Ersay Üner - Yürüdüm

"Ya abi sağır mısın acaba? Sucuk olmasın dedim inadıma basmışsın sucuğu. Değiştirir misin lütfen?"

Kantinci bana baygın gözlerle bakıp sabır dileyince daha da sinirlenmiştim. Asıl burada sabırlı olması gereken kişi bendim ama şansa bakın ki gram sabır yoktu içimde. Böyle de sağırlık olmaz be abi ya.

Elimdekini alıp yenisini getirecekkeb durup gözlerini kıstı. Tostu çok gerekliymiş gibi dikkatle inceledikten sonra başını iki yana salladı. Geri uzattı.

"Kızım koparmışsın kenardan. Ben nasıl geri alayım şimdi bunu. Hem nesi var sucuklunun. Mis gibi işte. Hadi dersine artık. Sıra bekliyor."

Dedikleriyle delirmenin eşiğine gelmiştim resmen. Sıra umurumda değildi. Ben tostumu istiyordum. Sucuklu olmadan.

"Abicim bak ben ciddiyim. Ver bana yenisini gideyim bak eğer vermezsen yeminle gitmem buradan sıra da kalır öyle. Doğru düzgün duysaydın sen de beni! Allah Allah ya! İstediğimizi de yiyemiyoruz artık. Hem ne o öyle kenarından koparmışsınmış. Abicim ambalaj vardı da yırttım mı? Tost ulan tost. Ver yenisini gideyim işte. Sabah sabah çattık ya!"

Bazıları gülerken bazılarıysa homurdanıyordu. Sıradakiler umurunda değildi. Burada benim istediklerim söz konusuydu. İlk teneffüstü ve ben uykusuzluktan dolayı acayip sinirliydim. Şu tost işi de daha da arttırmıştı sinirimi. Sağır ya resmen.

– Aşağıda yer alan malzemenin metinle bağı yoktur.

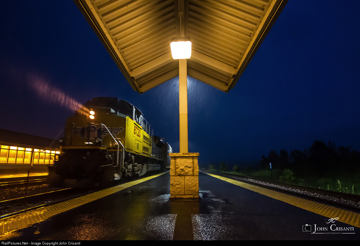 Union Pacific SD70ACe No. 8720 brings up the rear of this Belvidere, Illinois to Blakes Lee Jct., Washington vehicle train as the rain continues to fall at La Fox, Illinois on June 20, 2015 along the Geneva Subdivision.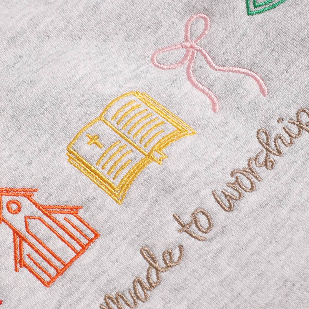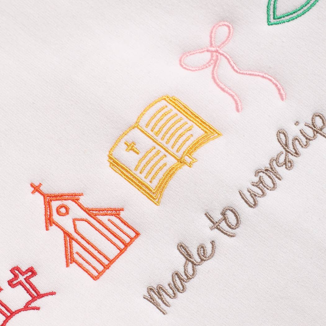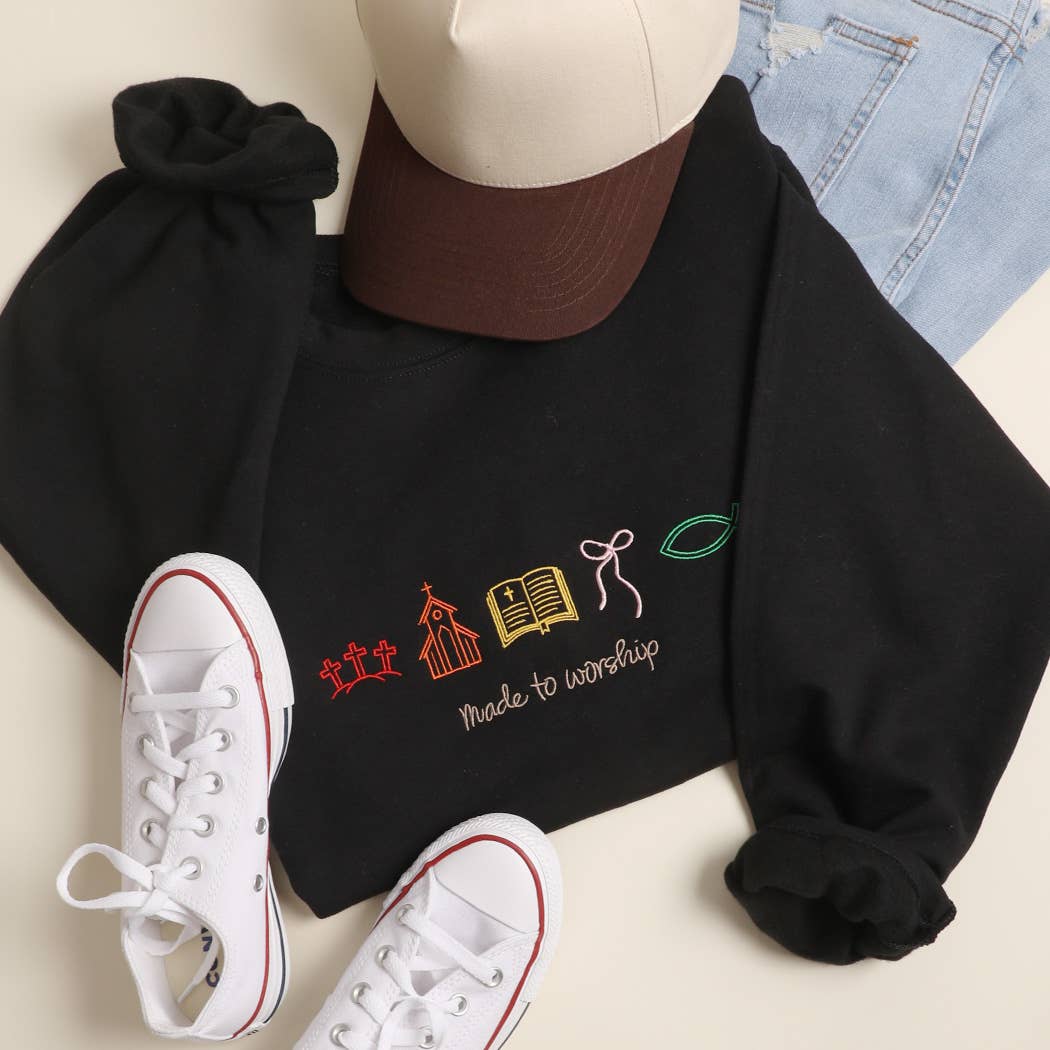 A faith-inspired heavyweight sweatshirt featuring colorful line-art embroidery of crosses, church, Bible, ribbon, and ichthys symbol, paired with “Made to Worship” lettering for a meaningful, uplifting, and expressive everyday style. This heavyweight crewneck sweatshirt is crafted with warm fleece and a durable finish for lasting comfort. Made from a 50% cotton and 50% polyester blend, it offers both softness and strength, making it a versatile everyday essential. Professionally customized in the USA, it features clean embroidered detailing that adds timeless style. Available in unisex sizes S–XL, it provides a comfortable fit for everyone.

Birinin kolumu tutup beni çekmesiyle bu sefer ona bağırmak için arkamı döndüm. Ancak Deniz'i görmeyi beklemiyordum. Kaşlarımı çatıp kolumu sertçe çekince canım acımıştı ama belli etmedim. Neden karışıyordu ki? Gayet güzel hallediyordum ben bir kere!

"Abi sen ver bana tostu. Onu ben alırım." Ardından bana döndü. "Sen de benimkini yersin."

Kantinci bu sefer ona dikkatle baktıktan sonra başını salladı ve tostu ona verdi.

"Rahatsızlık için özür dileriz."
Şirince gülümseyip kantincinin elinden tostu aldı ve beni sıradan çıkardı. Kolumu çekmeye çalışıyordum ama o bırakmıyordu bir türlü. En sonunda beni bahçedeki banklardan birini önüne getirince elimi bu sefer daha sert bir şekilde çektim ama canım fena halde acımıştı. Kolumdaki kızarıklığı diğer kolumla kapatıp bağırmak için kendimi hazırladım.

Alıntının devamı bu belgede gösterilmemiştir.